*Task directions*: For this exercise, reproduce only the lines from the one holding "Todo modelo supervisado" through the final line of the data below, exactly, and omit pictures.

(Data excerpts)

________________________________________

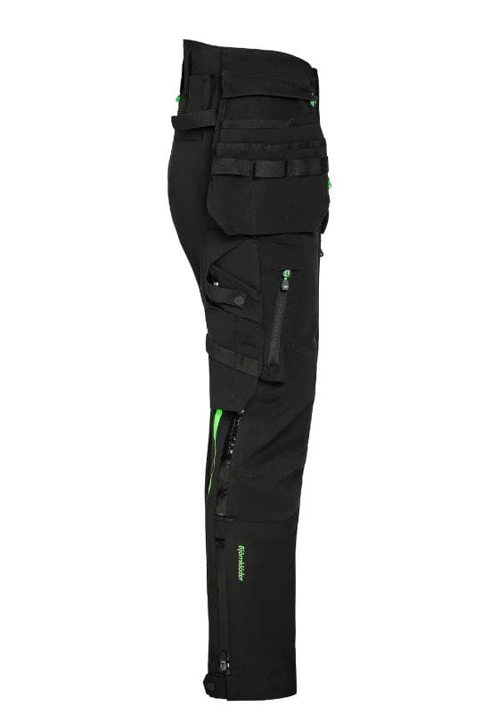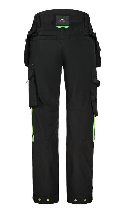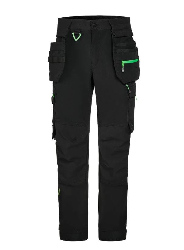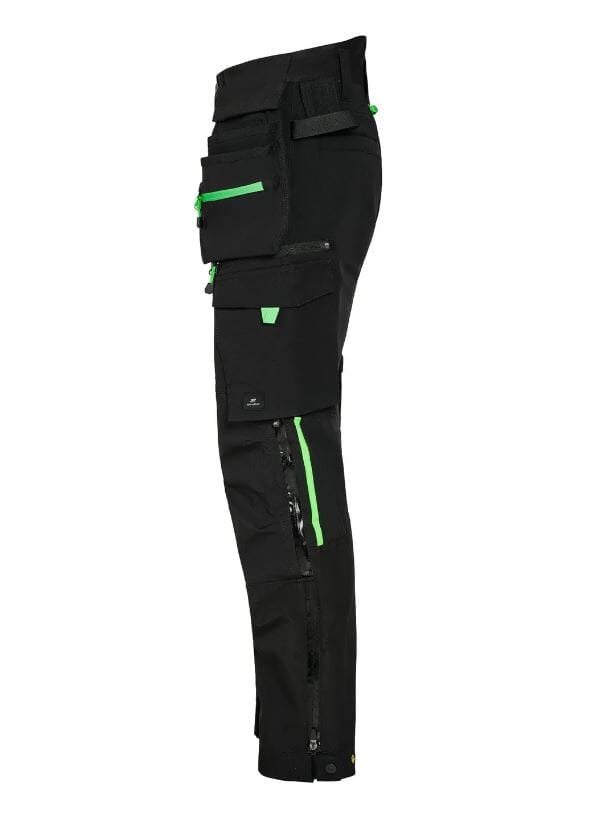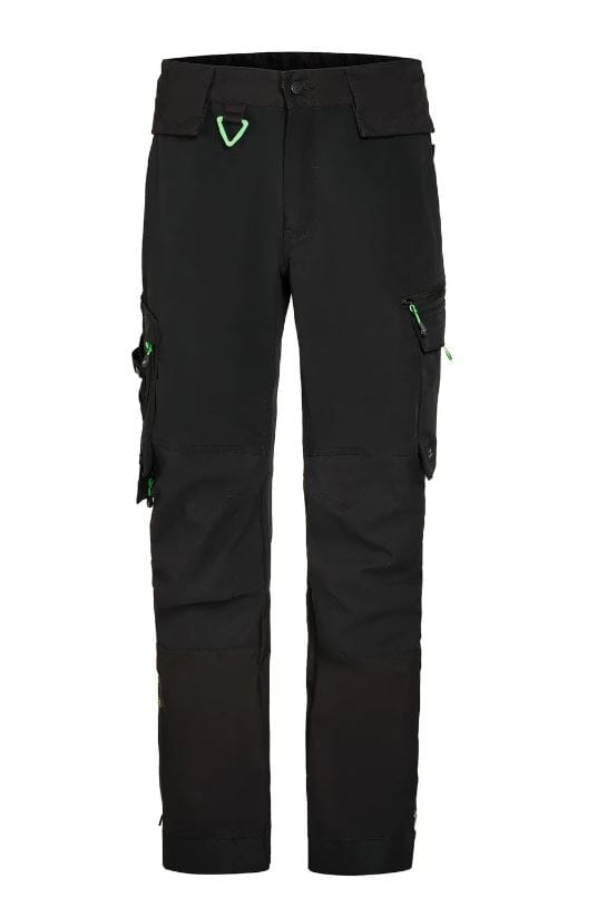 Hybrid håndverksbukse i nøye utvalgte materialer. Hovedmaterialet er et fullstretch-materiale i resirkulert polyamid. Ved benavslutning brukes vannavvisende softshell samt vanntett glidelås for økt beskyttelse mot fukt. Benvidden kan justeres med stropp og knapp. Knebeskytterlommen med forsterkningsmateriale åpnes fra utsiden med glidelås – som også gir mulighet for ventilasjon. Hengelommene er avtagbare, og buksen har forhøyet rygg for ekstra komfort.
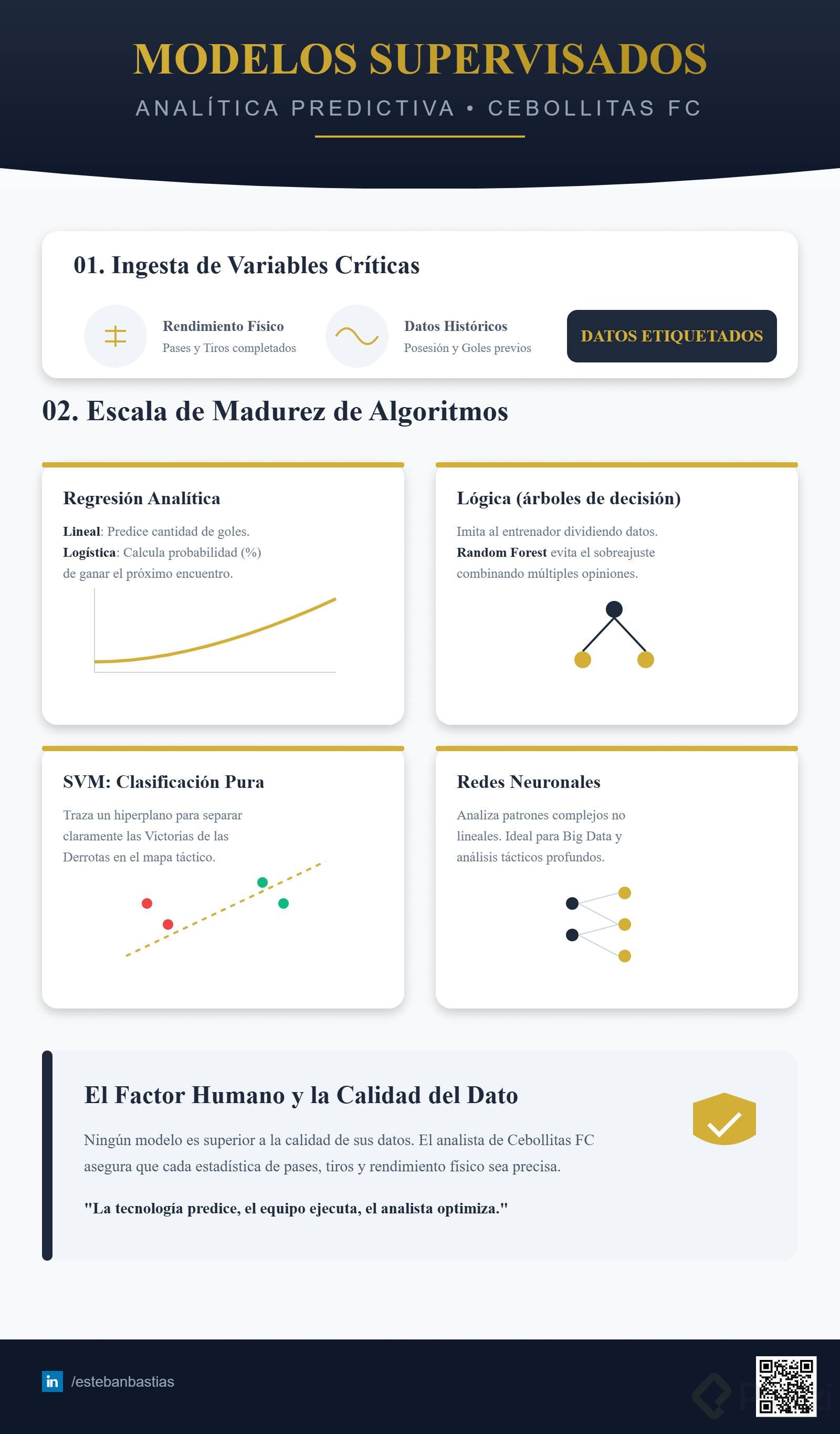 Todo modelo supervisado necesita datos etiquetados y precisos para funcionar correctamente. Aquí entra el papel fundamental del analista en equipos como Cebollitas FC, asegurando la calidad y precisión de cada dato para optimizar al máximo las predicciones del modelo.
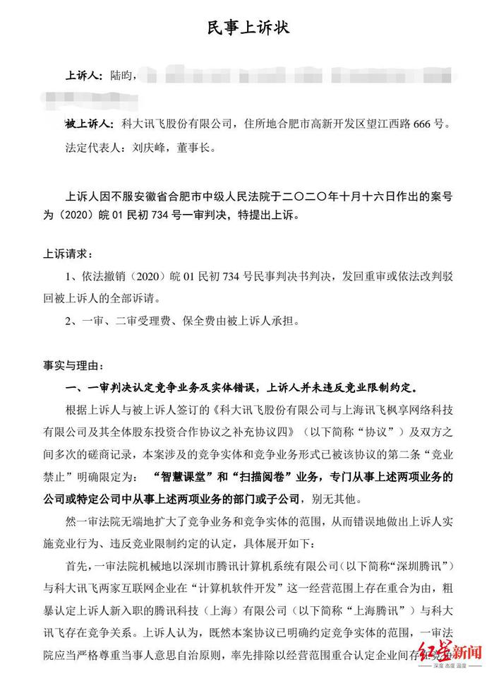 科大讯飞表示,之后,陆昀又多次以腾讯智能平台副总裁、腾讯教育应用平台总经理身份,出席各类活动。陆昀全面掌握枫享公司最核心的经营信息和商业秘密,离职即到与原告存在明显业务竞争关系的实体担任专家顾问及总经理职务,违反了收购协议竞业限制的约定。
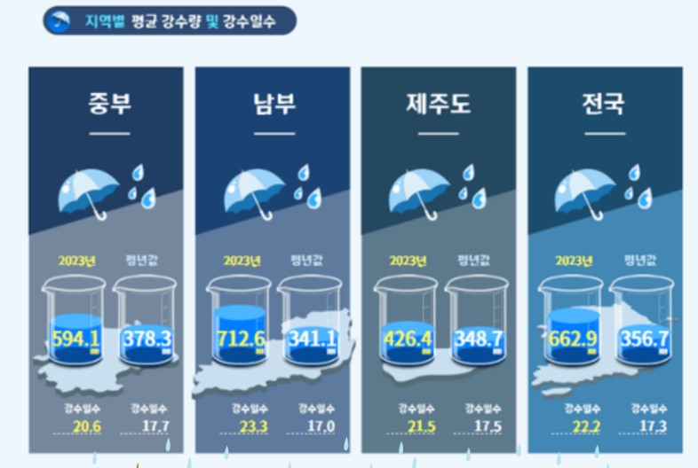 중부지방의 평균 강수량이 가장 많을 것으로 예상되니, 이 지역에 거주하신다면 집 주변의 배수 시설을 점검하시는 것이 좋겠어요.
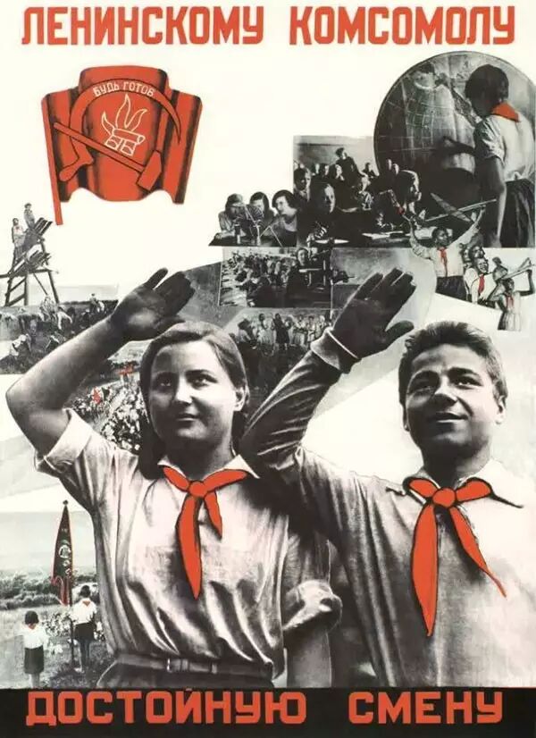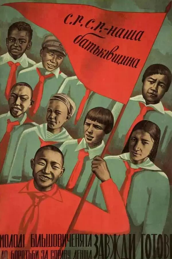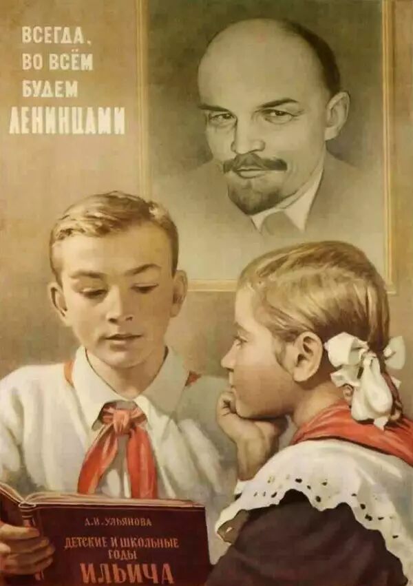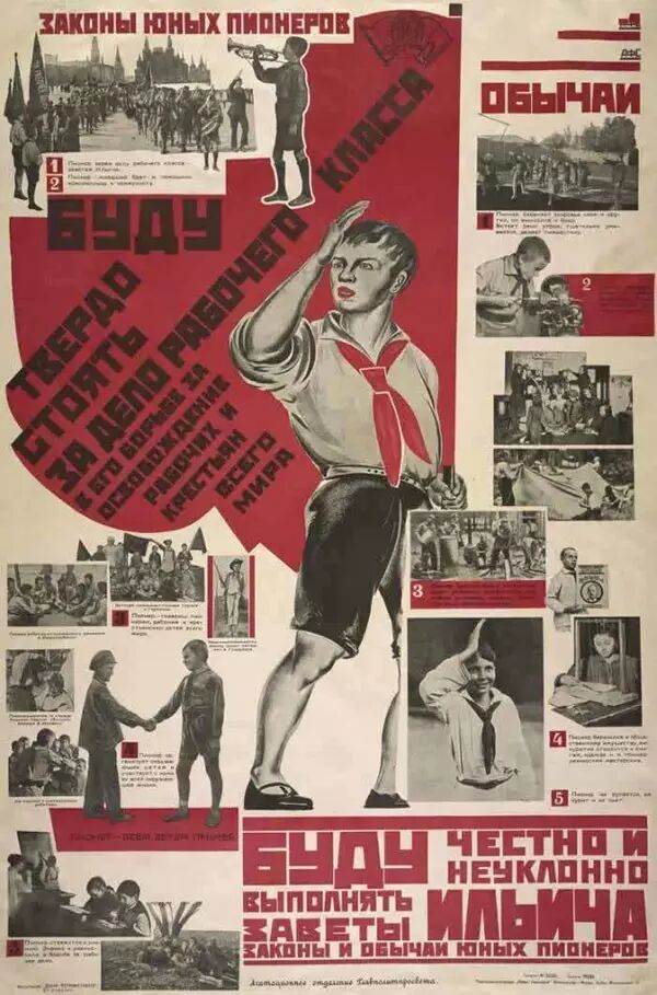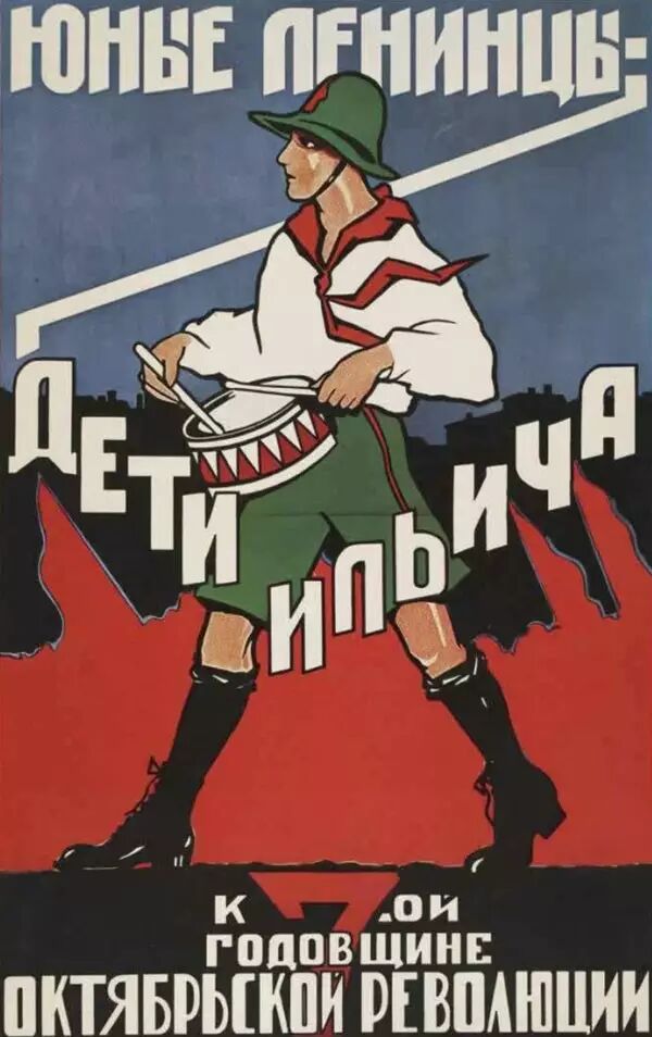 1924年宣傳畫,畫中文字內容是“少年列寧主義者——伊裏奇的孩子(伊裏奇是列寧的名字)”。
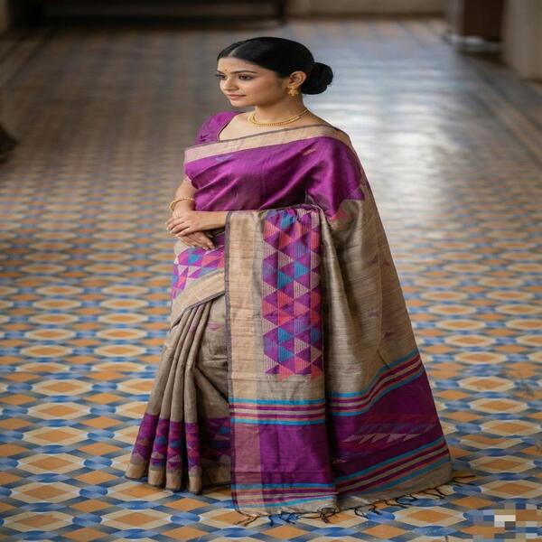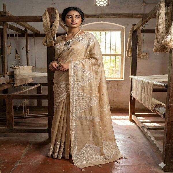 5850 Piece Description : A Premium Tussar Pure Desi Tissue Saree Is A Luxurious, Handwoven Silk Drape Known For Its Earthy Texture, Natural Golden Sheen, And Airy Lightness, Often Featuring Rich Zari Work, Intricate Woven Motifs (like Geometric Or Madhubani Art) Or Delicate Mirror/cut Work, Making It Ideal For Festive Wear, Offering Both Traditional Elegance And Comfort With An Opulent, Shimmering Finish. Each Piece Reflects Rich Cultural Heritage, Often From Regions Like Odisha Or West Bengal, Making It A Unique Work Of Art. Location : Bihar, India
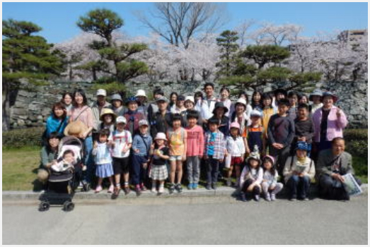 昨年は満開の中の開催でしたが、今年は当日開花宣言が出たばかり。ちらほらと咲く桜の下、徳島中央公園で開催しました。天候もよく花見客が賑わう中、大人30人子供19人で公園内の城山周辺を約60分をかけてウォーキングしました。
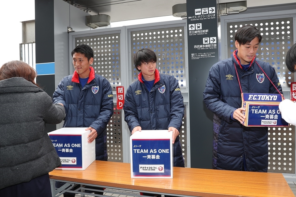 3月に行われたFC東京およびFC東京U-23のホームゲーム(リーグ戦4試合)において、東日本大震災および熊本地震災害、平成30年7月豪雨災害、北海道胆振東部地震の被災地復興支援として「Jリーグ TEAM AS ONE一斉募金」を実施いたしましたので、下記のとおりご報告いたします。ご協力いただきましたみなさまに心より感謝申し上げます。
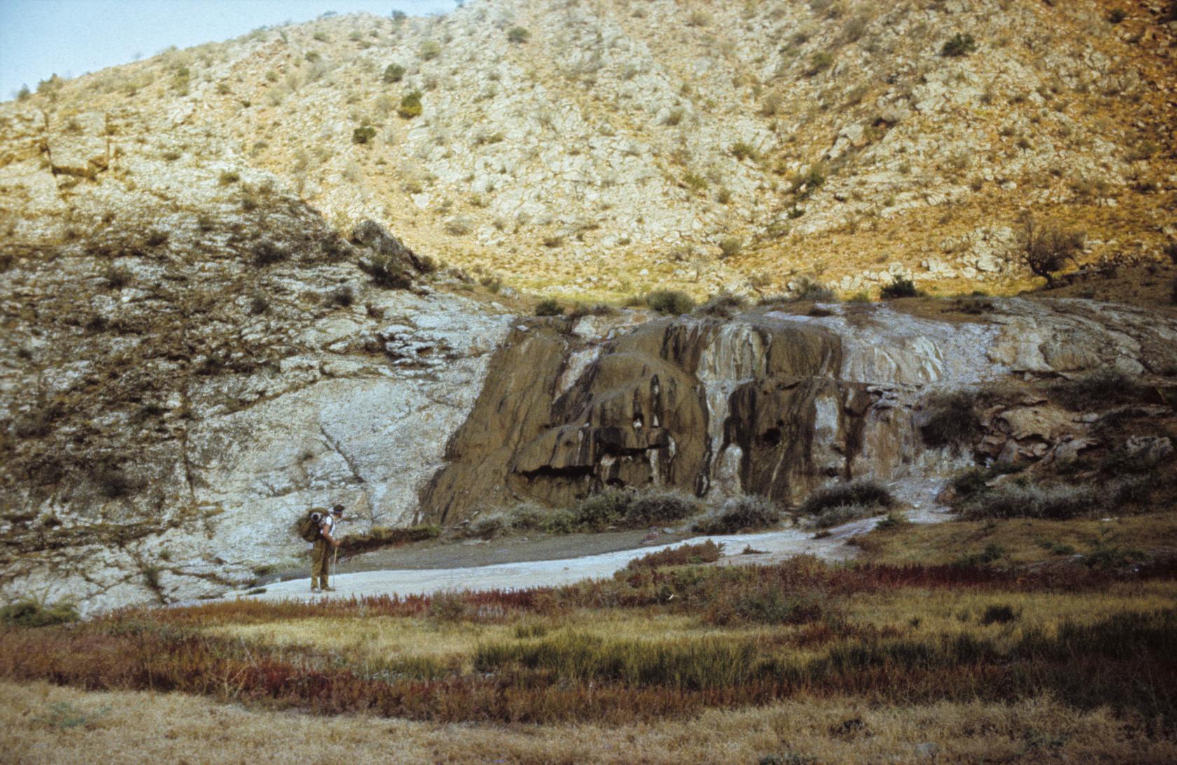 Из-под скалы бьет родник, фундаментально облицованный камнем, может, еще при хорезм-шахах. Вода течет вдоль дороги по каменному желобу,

________________________________________

*Exercise answer*:
 Todo modelo supervisado necesita datos etiquetados y precisos para funcionar correctamente. Aquí entra el papel fundamental del analista en equipos como Cebollitas FC, asegurando la calidad y precisión de cada dato para optimizar al máximo las predicciones del modelo.
 科大讯飞表示,之后,陆昀又多次以腾讯智能平台副总裁、腾讯教育应用平台总经理身份,出席各类活动。陆昀全面掌握枫享公司最核心的经营信息和商业秘密,离职即到与原告存在明显业务竞争关系的实体担任专家顾问及总经理职务,违反了收购协议竞业限制的约定。
 중부지방의 평균 강수량이 가장 많을 것으로 예상되니, 이 지역에 거주하신다면 집 주변의 배수 시설을 점검하시는 것이 좋겠어요.
 1924年宣傳畫,畫中文字內容是“少年列寧主義者——伊裏奇的孩子(伊裏奇是列寧的名字)”。
 5850 Piece Description : A Premium Tussar Pure Desi Tissue Saree Is A Luxurious, Handwoven Silk Drape Known For Its Earthy Texture, Natural Golden Sheen, And Airy Lightness, Often Featuring Rich Zari Work, Intricate Woven Motifs (like Geometric Or Madhubani Art) Or Delicate Mirror/cut Work, Making It Ideal For Festive Wear, Offering Both Traditional Elegance And Comfort With An Opulent, Shimmering Finish. Each Piece Reflects Rich Cultural Heritage, Often From Regions Like Odisha Or West Bengal, Making It A Unique Work Of Art. Location : Bihar, India
 昨年は満開の中の開催でしたが、今年は当日開花宣言が出たばかり。ちらほらと咲く桜の下、徳島中央公園で開催しました。天候もよく花見客が賑わう中、大人30人子供19人で公園内の城山周辺を約60分をかけてウォーキングしました。
 3月に行われたFC東京およびFC東京U-23のホームゲーム(リーグ戦4試合)において、東日本大震災および熊本地震災害、平成30年7月豪雨災害、北海道胆振東部地震の被災地復興支援として「Jリーグ TEAM AS ONE一斉募金」を実施いたしましたので、下記のとおりご報告いたします。ご協力いただきましたみなさまに心より感謝申し上げます。
 Из-под скалы бьет родник, фундаментально облицованный камнем, может, еще при хорезм-шахах. Вода течет вдоль дороги по каменному желобу,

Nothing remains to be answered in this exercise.